(Data section)

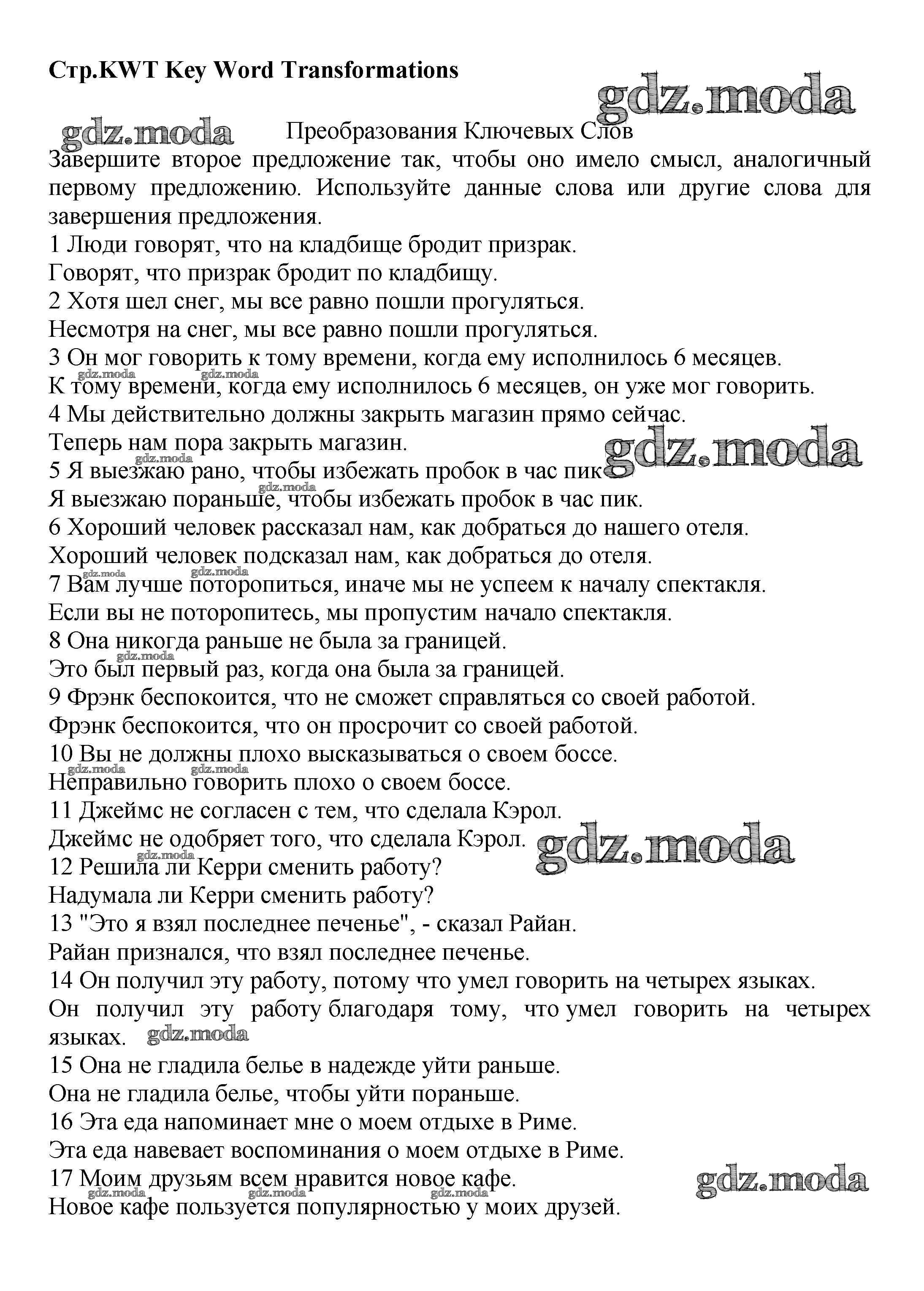 ОТВЕТ на задание № KWT1-KWT3 Учебник по Английскому языку 7 класс Баранова Starlight Углубленный уровень
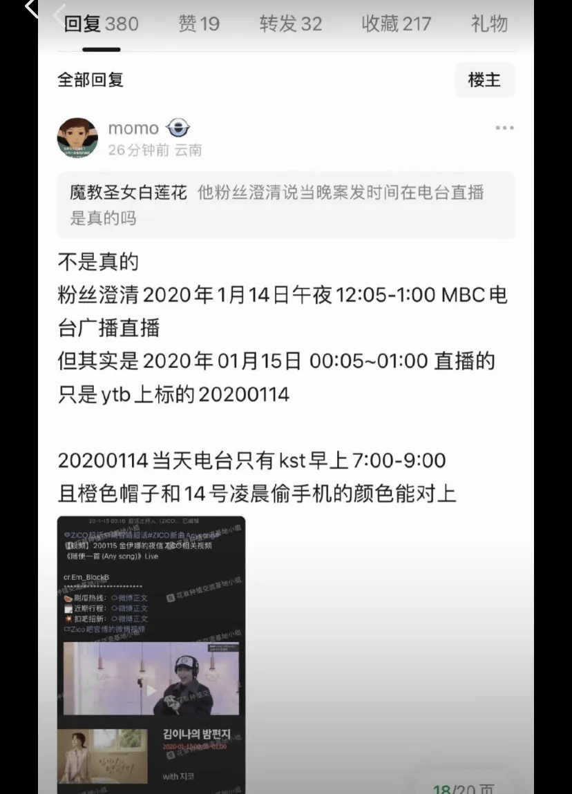 但也有人说,监控视频记录的时间是200114零点30分,而电台广播时间则是200115,200113晚上ZICO是没有行程的,那200114那天他到底去了哪?!
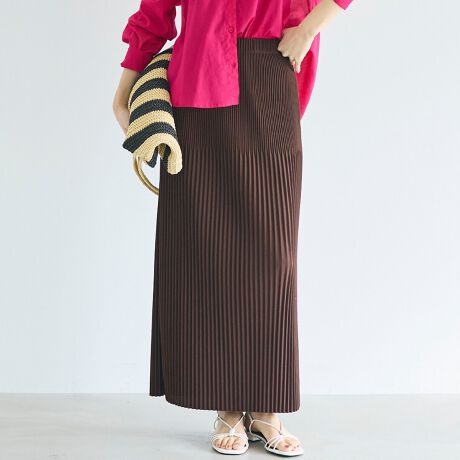タイト過ぎないIラインのキレイめプリーツスカート。

(End Data section)

What needs to be done:
Retype the data above exactly; pictures are not part of the copy.

Response to the exercise:
 ОТВЕТ на задание № KWT1-KWT3 Учебник по Английскому языку 7 класс Баранова Starlight Углубленный уровень
 但也有人说,监控视频记录的时间是200114零点30分,而电台广播时间则是200115,200113晚上ZICO是没有行程的,那200114那天他到底去了哪?!
タイト過ぎないIラインのキレイめプリーツスカート。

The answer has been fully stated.